Could I see the fine person

beneath the N95 mask?

If I had the nerve to ask

would I show up

with roses in rubber-gloved hands

and say that I liked hers

with delicate fingers

showing beautifully

beneath tight-stretched latex?

How would we find the magic moment

when PPE must fall

and our souls bare all

with courage and passion

in spite of the pall

making it hard to see

the ones we long to touch?



Summer Night Discovery

Once we lived on the stoops

on hot summer nights.

Mom kept the lights on bright

to see what we were up to.

Heat lightning traced the skyline

and mirrored the electric desires

of our fevered age.

Our fire was not rage.

It was ignited on the pages

of revealed knowledge

showing us our brightest colors

and urging us to slip into the night

where all we could see was each other.



Getting from There to Here

I am, at times, a stiff-necked fool,

a tool of my inner urges.

There were times when I served

the worst of them

and spread my apologies

behind me like a trail of regrets

through a landscape of lost wishes.


Raised on dreams and muttered prayers

I had no one to be

except a feather in the wind

looking for a better wing

and learning that flight is just

deciding not to land.

And that my one true love

is the ever receding horizon.

Chris Kleinfelter has been writing poetry since going back to college at age 40. That was 20 years ago.
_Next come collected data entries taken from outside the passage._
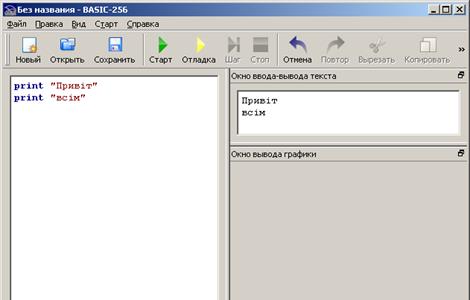 Після того, як ви наберете текст цієї програми, клацніть мишкою по кнопці Старт на панелі інструментів. У вікні для вводу-виводу тексту з'являться слова: "Привіт" на першому рядку і "всім" – на другий (рис. 1.2).
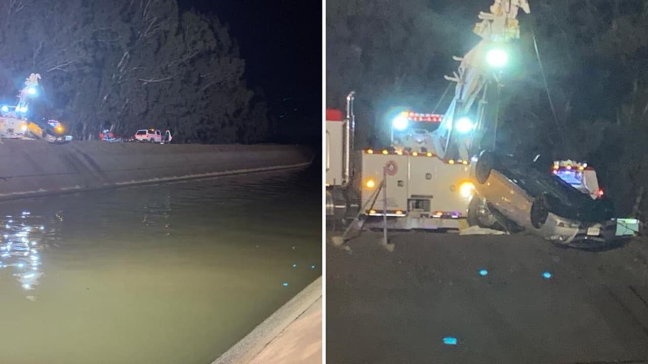 Buen samaritano rescata a conductor presuntamente alcoholizado que chocó y cayó a canal en Clovis
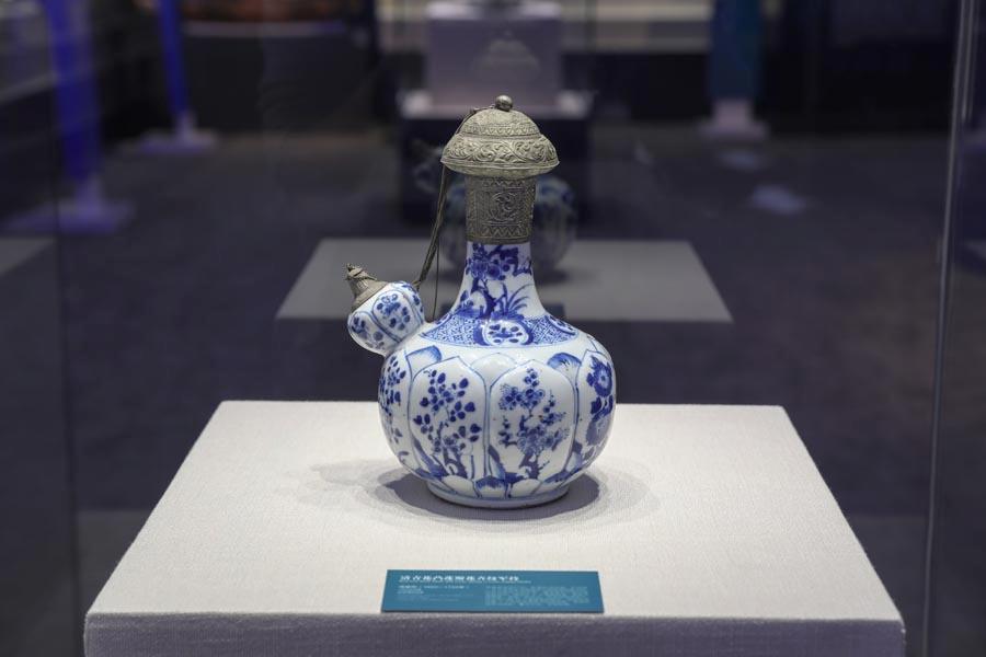 A blue-and-white porcelain water container of the Qing Dynasty is among the exhibits on show. (Photo provided to China Daily)

He won awards for poems submitted to the campus literary journal, Thoughts Beyond Insanity. Following that his work was published in the literary journal, Harrisburg Review, and The Villager, published by The Bronxville Women’s Club. Most recently he won third place in Tidepools, the literary journal of Peninsula Community College in Port Angeles, Washington.